Chemin de fer près de Pacy sur Eure

Chemin de fer

Au siècle dernier, de Rouen à Orléans, la voie unique de chemin de fer empruntait sur toute sa longueur la vallée de l’Eure. Après avoir vu se succéder des convois de voyageurs et de marchandises tirés par des locomotives à vapeur telle

la 231 Pacific, un petit tronçon de voie allant de La Croix St Leufroy à Pacy/Eure puis Hécourt a été remis en état par l’association du Chemin de Fer de la Vallée d’Eure. Un autorail Renault, identique à celui qui y circulait en 1950 a repris du service pour le plaisir des nostalgiques.

Attention au départ …

Depuis l’ancienne gare de Pacy/Eure le train vous conduira, par un aller – retour, à Cocherel pour une découverte pédestre des moulins, de l’église et du tombeau d’Aristide Briand.

Consulter les horaires des départs

Gare de Menilles
Musé du train Menilles

L’histoire

En 1791, un ingénieur parisien du Roi nommé Clavaux tentait de faire approuver la construction d’un canal du Loir à l’Eure, distant entre Courville/Eure et Illiers/Loir de 17 km. Le projet devait permettre de réduire considérablement la distance navigable entre Orléans et Rouen puis de rendre à l’Eure, au débit parfois insuffisant, sa navigabilité par un apport d’eau du Loir abondant. Par peur que le flot rapide du Loir ne provoque des crues de l’Eure, les commissaires désignés par les communes concernées rejetèrent le projet.

La réalisation très attendue d’une ligne de chemin de fer entre Dreux et Louviers est présentée en 1867. Alors que les terres nécessaires à la construction de la voie sont expropriées, une pétition signée en 1870 par 105 artisans commerçants agriculteurs et vignerons menillons, déposée auprès du Duc d’Albuféra président du conseil d’administration du chemin de fer de la vallée d’Eure, demande la construction d’une gare de marchandises à Menilles. Afin d’appuyer la demande, des estimations de trafic de marchandises passant par la gare de Menilles, pour être exportées vers Paris et Rouen, font état d’un acheminement plus de 400 t par an : soit 80 t de veaux et porcs, 1 t de produits laitiers, 40 t de lait, 200 t de céréales, 53 t de laine, vins et pommes à cidre, 30 t de paille et fourrage, 10 t de fruits.

La construction de la gare de Menilles est commencée en 1891. Elle comprend un bâtiment pour l’accueil des voyageurs et le logement du chef de gare, un hall sur quai pour le chargement et le déchargement des marchandises, des voies de garage, une grue de manutention ainsi qu’une bascule pour le pesage des wagons. Trois passages à niveaux et leurs traditionnelles maisonnettes de briques sont construits. Leurs habitants sont des employés du chemin fer occupés à entretenir la voie ainsi que leurs épouses chargées de déplacer les barrières pivotantes en bois aux passages des trains.

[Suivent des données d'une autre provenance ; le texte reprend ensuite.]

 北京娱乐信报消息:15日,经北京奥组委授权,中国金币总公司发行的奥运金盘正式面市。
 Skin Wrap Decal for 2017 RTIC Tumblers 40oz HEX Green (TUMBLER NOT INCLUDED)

Pendant la seconde guerre mondiale, la ligne est utilisée par les troupes allemandes. Aux trains tractés par les locomotives à vapeur des années 1920 avec leur haute cheminée, sont accrochés des wagons plats portant mitrailleuses et trois soldats pour protéger les convois d’éventuelles attaques aériennes.

Pendant plusieurs décennies, jusqu’à la généralisation des transports routiers, le chemin de fer est un moyen de communication indispensable pour la vie économique locale. Les derniers trains de voyageurs circulent en 1950, quant au trafic de marchandises il cesse en 1989.

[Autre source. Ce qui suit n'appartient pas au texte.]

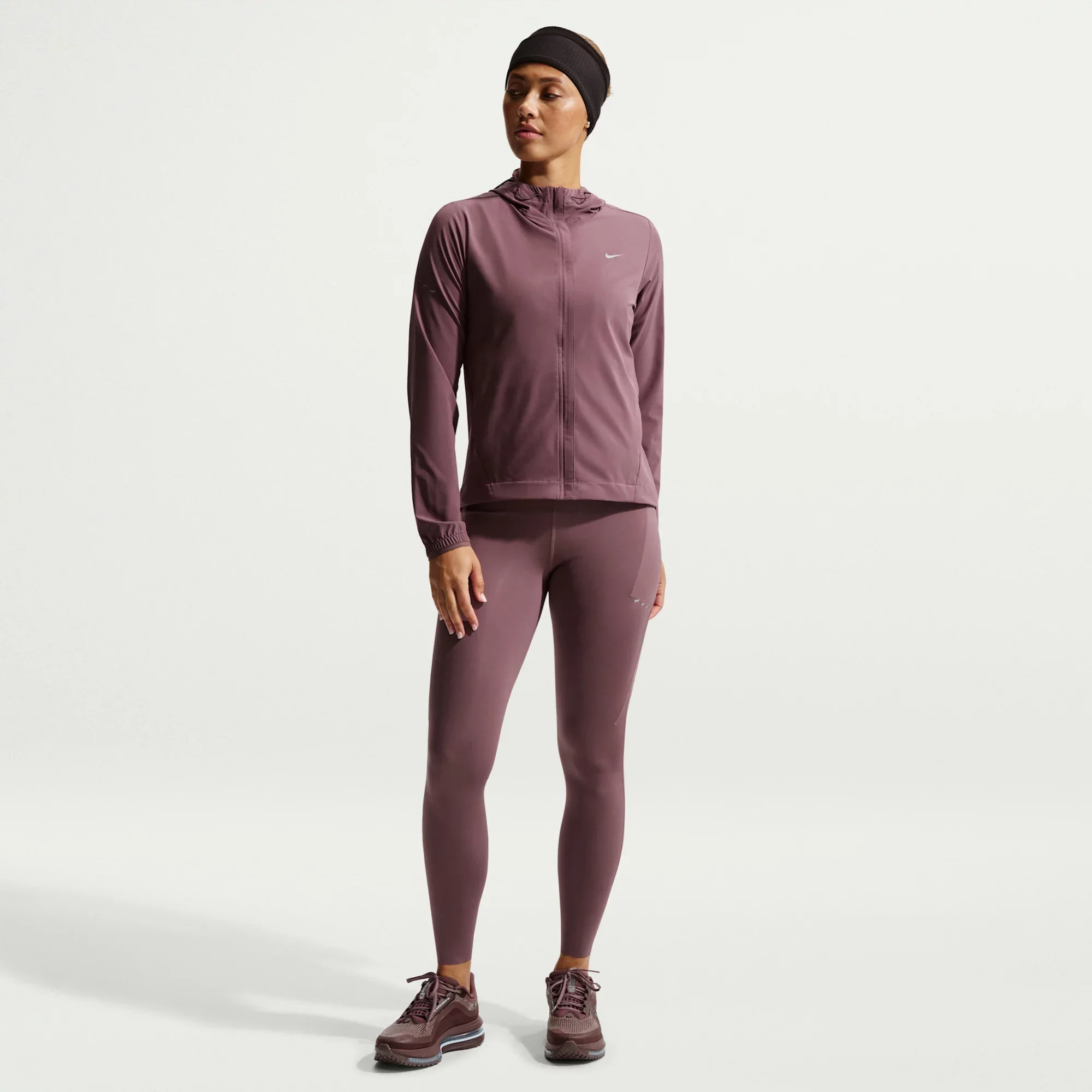 Using insights from runners like you, Nike prioritized functionality to refresh their Swift essentials. This lightweight, packable jacket has been designed to help reduce chafing and improve breathability. A whistle at the collar is easy to access, and a water-repellent finish and built-in UV protection help keep you covered come rain or shine. Fit & Design: Standard fit: easy and traditional Modified raglan sleeves are designed to help reduce underarm chafing and allow for a wider range of motion Adjustable closures at the hem and hood let you personalize your fit A vent on the back is lined with mesh to help moisture escape Water-repellent finish helps keep you dry in wet weather Built-in UV protection helps keep you covered in sunnier conditions Two zippered pockets secure your essentials When it's time to shed a layer, the jacket can pack into a pocket Reflective Swoosh logo on left chest Reflective graphics on sleeves and back Technology: Nike Dri-FIT technology moves sweat away from your skin for quicker evaporation, helping you stay dry and comfortable Additional Details: Made from sustainable materials

Trafics en gare de Menilles un jour de 1935 …

Aujourd’hui comme tous les autres jours, M. Baptiste, seul employé à la gare de Menilles remplit ses fonctions de chef de gare auxquelles s’adjoint la vente des billets aux voyageurs, l’enregistrement des marchandises au départ et la réception de celles à l’arrivée. Le premier trafic du matin, est l’autorail de 8h en provenance de Dreux allant vers Louviers. Les trains, tous omnibus, s’arrêtent dans toutes les gares. La voie unique imposant les croisements à Cocherel, le passage d’autorail dans l’autre sens est pour bientôt. Puis ce sera vers 10h l’arrêt d’un train de voyageurs circulant vers Rouen. A 11h, arrêt d’un train de marchandises à destination de Louviers puis retour vers Dreux avec nouvel arrêt à Menilles vers 15h. En fin d’après-midi, vers 17h, retour du train de voyageurs du matin, puis vers 20h, nouveau croisement d’autorail.